The shortest program that produces a string tells you how much information the string really contains.
Consider two binary strings, each 1000 bits long:
String A: 000000000000000000000000...0000 (all zeros)
String B: 011010110001110100101001...1101 (looks random)
Which one contains more information? Intuitively, String A is boring — you can describe it in a few words: "one thousand zeros." But String B? There seems to be no shortcut. To communicate it, you might have to spell out all 1000 bits.
This intuition is the seed of Kolmogorov complexity. The idea is simple and profound: the information content of a string is the length of its shortest description. A string that can be compressed a lot has low complexity. A string that cannot be compressed at all — where the shortest description is essentially the string itself — has high complexity.
This idea was independently developed in the 1960s by Ray Solomonoff (1960), Andrei Kolmogorov (1965), and Gregory Chaitin (1966). Kolmogorov's name stuck because his formulation was the most mathematically precise and because he connected it to the deepest questions in probability and randomness.

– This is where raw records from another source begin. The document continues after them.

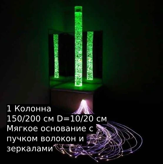 Сенсорный уголок с воздушно пузырьковой колонной и встроенным пучком гидрооптических волокон. Колонна размером 150х10 см/200х20 см.
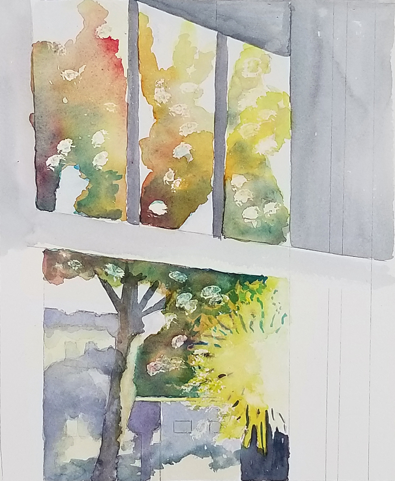 Sara also began another version of her view from her window. She's basically using two triads (a triad is a set of three colors, and she's using two reds, two yellows and two blues) to describe all the colorful autumnal glory of the trees outside her window. We really like the composition—the angles add energy and draw the viewer's eye to the colors outside.
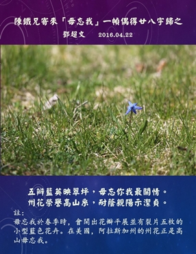 毋忘我於春季時,會開出花瓣平展並有裂片五枚的小型藍色花卉。在美國,阿拉斯加州的州花正是高山毋忘我。
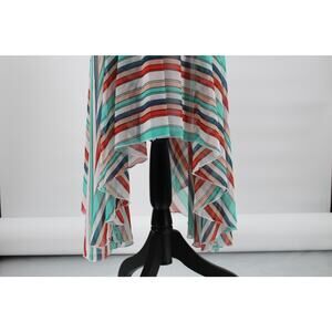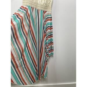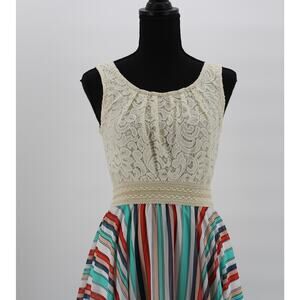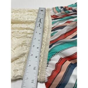 Cream Lace Bodice. From the waist down, flowing fabric that is multicolor stripes.
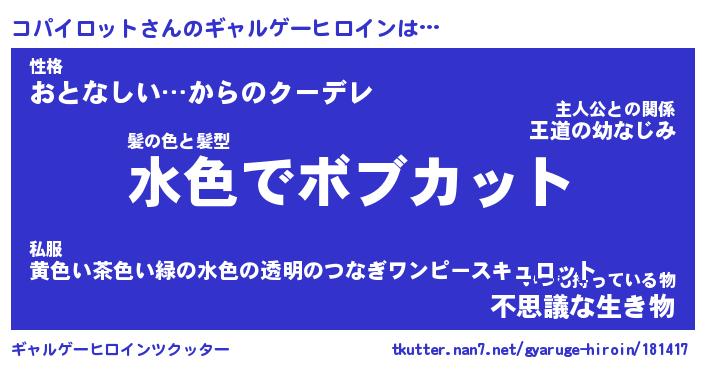 | 男性向けラノベタイトル風あだ名 | 『コパイロットの憂鬱』 |

Before we can make "shortest program" precise, we need to fix a programming language — after all, the length of a program depends on the language. This is the first problem we'll solve.
To talk about "descriptions" formally, we introduce a description mode (also called a decompressor). This is simply a function D that takes a binary string as input and produces another binary string as output. If D(y) = x, we say that y is a description of x with respect to D.
Think of D as an interpreter. You hand it a compressed representation y, and it expands it into the original string x. A zip program is one description mode. A Python interpreter is another. Each one defines its own notion of "description."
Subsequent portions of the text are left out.